Good to Great Tennis Academy

Danderyd, SwedenNorthern Europe

Boutique, high‑performance academy in Stockholm with on‑site boarding, seven indoor courts, and a founder‑led coaching team. Clear weekly, semester, and annual options make it a practical European base for serious juniors.

Good to Great Tennis Academy, Danderyd, Sweden — image 1

Good to Great Tennis Academy

If you grew up on stories of Sweden’s tennis dynasty, Good to Great feels like stepping into a living chapter of that tradition. Founded in 2011 by Magnus Norman, Nicklas Kulti, and Mikael Tillström, the academy was built around a simple idea that requires uncommon discipline: keep the program small, keep standards high, and let players work every day with coaches who have actually walked the road from junior hopeful to world class professional. After an itinerant start, the academy established its permanent base in Danderyd, just north of central Stockholm, and opened its current arena in 2018. The result is a compact, purpose built environment where training, recovery, meals, and boarding live under one roof.

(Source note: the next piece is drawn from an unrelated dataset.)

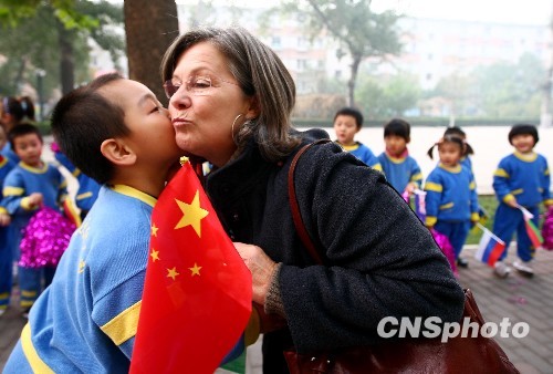 圖:各國(guó)空軍代表團(tuán)隨行夫人參觀藍(lán)天幼兒園

Why Stockholm and why Danderyd

Danderyd sits a few metro stops from Stockholm’s city center and about a 25 minute drive from Stockholm Arlanda Airport. That proximity matters for both juniors and visiting professionals, because it makes arrivals, tournament hops, and family visits simple. The climate is a training advantage as much as a logistical factor. Winters are cold and daylight is short, which places a premium on reliable indoor infrastructure. Good to Great’s arena provides exactly that, so volume and quality do not depend on the weather. As spring opens, players transition to the outdoor courts, using the change in surface and conditions to sharpen footwork and decision making. The arena’s front of house is open to the public, which keeps league matches and casual play swirling in the background. Squads train in dedicated blocks, so players get the benefits of a genuine academy bubble without the feeling of isolation.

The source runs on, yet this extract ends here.